Table of Contents

cs19f22as07: Protein Bioinformatics Lite

Goals


Prerequisites

This assignment requires familiarity with the lecture materials presented in class through week 07.


Background

Proteins constitute a class of molecules that are the primary drivers of all biochemical activity in living organisms on Earth. Every viable cell in every Earth-based life form has DNA molecules inside of its nucleus, and through the process of protein biosynthesis, cells transcribe DNA into RNA, then translate that RNA into protein products.

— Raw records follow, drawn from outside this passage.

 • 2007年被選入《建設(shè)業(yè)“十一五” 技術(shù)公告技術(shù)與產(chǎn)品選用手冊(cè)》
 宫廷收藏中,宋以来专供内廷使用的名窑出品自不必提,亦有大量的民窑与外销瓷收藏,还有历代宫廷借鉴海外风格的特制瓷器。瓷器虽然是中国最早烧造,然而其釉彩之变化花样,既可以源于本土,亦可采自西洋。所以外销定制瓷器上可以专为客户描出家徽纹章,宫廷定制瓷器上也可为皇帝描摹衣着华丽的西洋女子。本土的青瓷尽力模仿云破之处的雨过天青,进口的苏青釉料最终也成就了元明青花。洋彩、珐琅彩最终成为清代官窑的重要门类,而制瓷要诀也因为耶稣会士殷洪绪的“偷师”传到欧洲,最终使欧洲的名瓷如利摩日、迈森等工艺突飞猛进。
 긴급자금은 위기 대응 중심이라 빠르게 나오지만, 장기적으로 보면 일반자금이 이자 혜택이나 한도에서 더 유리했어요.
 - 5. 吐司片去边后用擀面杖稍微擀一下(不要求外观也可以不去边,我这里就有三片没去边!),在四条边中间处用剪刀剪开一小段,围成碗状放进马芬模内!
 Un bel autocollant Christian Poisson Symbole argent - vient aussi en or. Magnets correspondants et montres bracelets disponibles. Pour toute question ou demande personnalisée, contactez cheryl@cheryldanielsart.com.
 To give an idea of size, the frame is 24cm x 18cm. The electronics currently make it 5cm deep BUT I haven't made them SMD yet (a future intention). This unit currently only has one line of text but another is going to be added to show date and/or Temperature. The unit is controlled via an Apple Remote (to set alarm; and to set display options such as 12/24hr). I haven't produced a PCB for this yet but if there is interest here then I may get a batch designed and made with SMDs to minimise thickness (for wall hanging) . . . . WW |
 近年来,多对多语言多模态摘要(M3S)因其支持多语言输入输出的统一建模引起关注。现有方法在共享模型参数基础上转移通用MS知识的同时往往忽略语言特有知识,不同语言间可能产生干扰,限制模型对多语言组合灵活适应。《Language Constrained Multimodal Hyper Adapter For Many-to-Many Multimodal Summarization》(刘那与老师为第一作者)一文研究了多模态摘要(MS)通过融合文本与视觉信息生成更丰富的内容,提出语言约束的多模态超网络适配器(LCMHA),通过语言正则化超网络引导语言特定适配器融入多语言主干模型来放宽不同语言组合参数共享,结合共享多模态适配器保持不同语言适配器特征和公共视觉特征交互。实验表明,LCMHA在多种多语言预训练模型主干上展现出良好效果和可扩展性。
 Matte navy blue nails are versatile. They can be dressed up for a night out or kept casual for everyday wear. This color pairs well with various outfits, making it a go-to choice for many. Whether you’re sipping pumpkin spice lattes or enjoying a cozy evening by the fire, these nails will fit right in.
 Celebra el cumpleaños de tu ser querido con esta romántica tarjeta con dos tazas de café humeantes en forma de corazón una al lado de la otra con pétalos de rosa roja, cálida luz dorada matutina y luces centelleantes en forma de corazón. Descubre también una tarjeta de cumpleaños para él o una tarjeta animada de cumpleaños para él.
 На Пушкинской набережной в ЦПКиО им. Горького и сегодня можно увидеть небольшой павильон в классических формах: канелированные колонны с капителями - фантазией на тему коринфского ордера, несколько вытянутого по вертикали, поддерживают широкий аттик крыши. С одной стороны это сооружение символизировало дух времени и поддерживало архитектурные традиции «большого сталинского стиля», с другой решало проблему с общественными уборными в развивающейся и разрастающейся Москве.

Diagram of the primary structure of a protein, showing a chain of amino acids

Protein biosynthesis involves assembling a chain of amino acids, each of which is coded for by a sequence of three RNA nucleotides. The resulting molecule is a form of polypeptide known as a protein. We refer to this sequence of amino acids as the primary structure of a protein. The secondary, ternary and quaternary structures refer to the complex shapes formed as hydrophobic interactions, intramolecular hydrogen bonds and van der Waals forces cause the primary structure of a protein to fold around itself and other proteins, giving the protein its essential biological functionality.

Diagram of primary, secondary, ternary and quaternary protein structures

There are 20 proteogenic amino acids. We usually use single-letter abbreviations to refer to them (A for alanine, C for cysteine, etc.), constituting an alphabet for describing protein structure:

A C D E F G H I K L M N P Q R S T V W Y

File /srv/datasets/amino-monoisotopic-mass (also available via HTTP) contains a simple table of the monoisotopic masses (measured in daltons) of each of the 20 proteogenic amino acids, along with the letters that we usually use to refer to them. Here are the first five lines of the file:

A 71.03711
C 103.00919
D 115.02694
E 129.04259
F 147.06841

As in Rosalind problem PRTM, we can use this data to compute the weight/mass of a protein, given its primary structure. This information can be useful for the purposes of protein mass spectrometry, e.g. in the identification and categorization of proteins involved in diseases such as those produced by viruses like SARS-Cov-2, which is the foundation for developing mRNA vaccines such as those that were quickly developed in response to COVID-19.


Assignment

You shall define a class named Protein in the cs19 namespace, instances of which represent the primary structure of a protein using the amino-acid alphabet. For simplicity's sake, define the class entirely within file cs19_protein.h (i.e. no separation of interface from implementation this time).

cs19::Protein provides an idiomatic C++ interface, overriding various operators for the purposes of inspecting and modifying a cs19::Protein object, as well as computing its expected mass for the purposes of spectrometry.

Design your class to match this specificiation according to the description of each member function. You must implement at least stub versions of all of the specified constructors and member functions in order to receive a grade.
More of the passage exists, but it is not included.